第420話 喚問状

襲撃から3日後、ニコロ司祭に呼び出されたので1等街区の聖堂まで行くことになった。


「召喚・・・かと思えば喚問か。どう思う?」


ニコロ司祭から使者を通じて届けられた羊皮紙には、喚問状とあった。

召喚であれば呼ばれるだけだが、喚問となると司法や裁判の匂いがする。

このあたりの知識に詳しいクラウディオに聞いてみる。


「そうですね。書式から判断すると教会法に基づく書類となりますね。何らかの記録を残すためでしょうか」


「俺が罪人になるってことか?」


「流れによっては」


冗談で返したつもりであったが、クラウディオは真剣だった。


◇ ◇ ◇ ◇ ◇


1等街区に入れる人数は制限されていたので、護衛としてスイベリー本人が、法律面での助言者としてクラウディオがついて来ることになった。
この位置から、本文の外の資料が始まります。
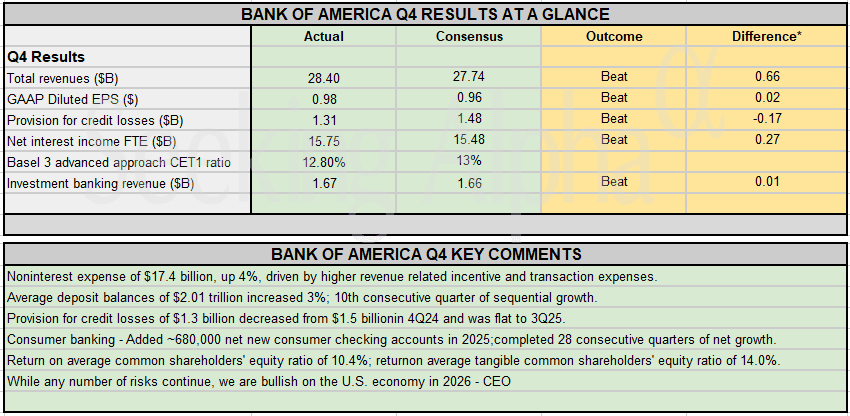 Earnings Snapshot: Bank of America tops Q4 forecasts as CEO backs U.S. growth in 2026 Posted on January 14, 2026 by wpadmin Seeking Alpha

もっとも、襲撃を心配して1等街区の門までは10人以上の完全武装した剣牙の兵団の連中が盾を揃えてついて来た。

その迫力に通り道の市民達は逃げ出し、門番の兵士達がビビって剣を構え応援を呼ぼうとした程だ。


「副団長、日が沈むまでに帰ってこなければ、全員で救出に行きますからね」


と大声でキリクががなる。

実際、門番と、その雇い主達に聞かせる意図があるのだろう。


「なに、10人や20人なら、相手が誰だろうと切り破ってくる」


とスイベリーは腰の魔剣を叩いて笑うが、それを聞く門番達の顔は引きつっている。

普通、平民が1等街区に入るときは武器を取り上げられるのだが、前回のジルボアがそうであったようにスイベリーも帯剣が認められるらしい。
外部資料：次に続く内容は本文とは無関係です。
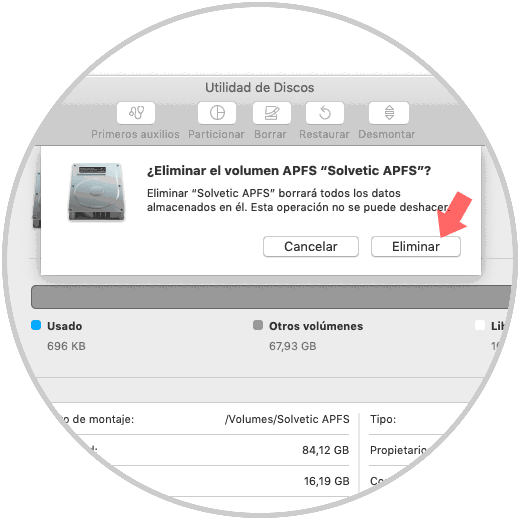 Al confirmar se dará lugar al proceso de eliminación del volumen APFS seleccionado:

高価な魔剣だから預かりの対象とならないのか、もしくは剣牙の兵団の街における社会的地位が思っていたよりもずっと高いのか。

いずれにせよ、魔剣を振るうスイベリーの手にかかれば、門番の兵士など中隊単位でかかっても歯が立たないだろう。


1等街区では門番の1人の先導に従い大聖堂に入る。

正門から入るのは前回の代官任命から2度目だ。

なるほど、正式な書類で呼び出すだけのことはある。


そこで先導者が交代し、若い聖職者に従って大聖堂の奥へと進む。

スイベリーが興味深そうに周囲を見回している。

これまで、表で交渉する仕事はジルボアが手がけていたので、意外と初めて来るのかもしれない。
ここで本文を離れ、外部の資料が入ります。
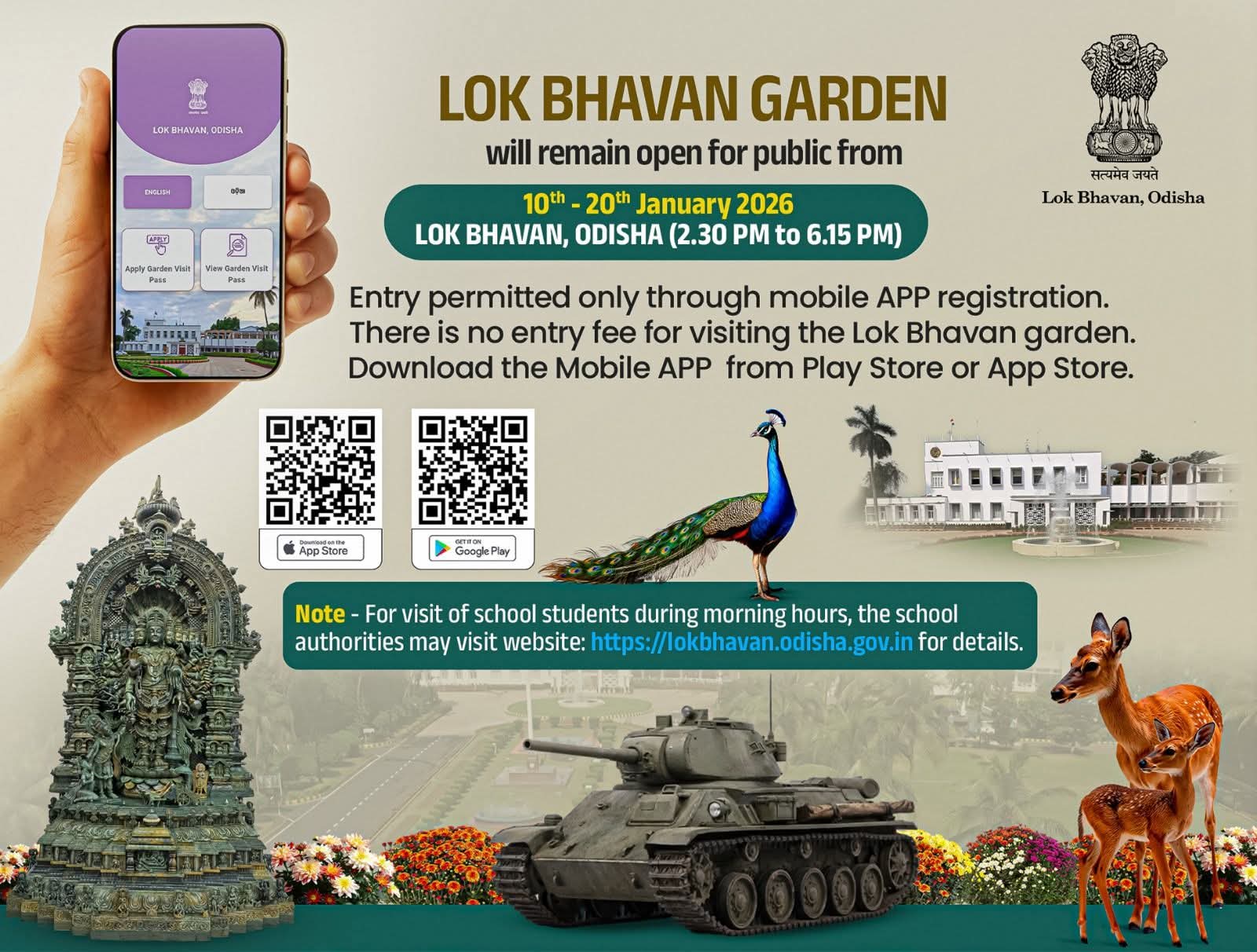 Odisha Lok Bhavan Gardens will be open to the public from January 10 to 20, 2026

「何か?」と先導していた聖職者が訝しんだが「何でもない」と返して進む。


前回来た時とは違う通路を通っているので、どこに進んでいるかはわからない。


「いや、これは・・・私設小法廷に向かっているのですか?」


先導する聖職者に対し、クラウディオが焦りのこもった声で問いかけるも、返答はない。


「これは思ったより大事になっていますね」


とクラウディオが耳打ちしてくる。


「なんだ、私設小なんとかというのは」


スイベリーが耳慣れない言葉の解説を求める。


「簡単に言えば、聖職者の内々で行う裁判です」


裁判か。それは確かに、大事(おおごと)だ。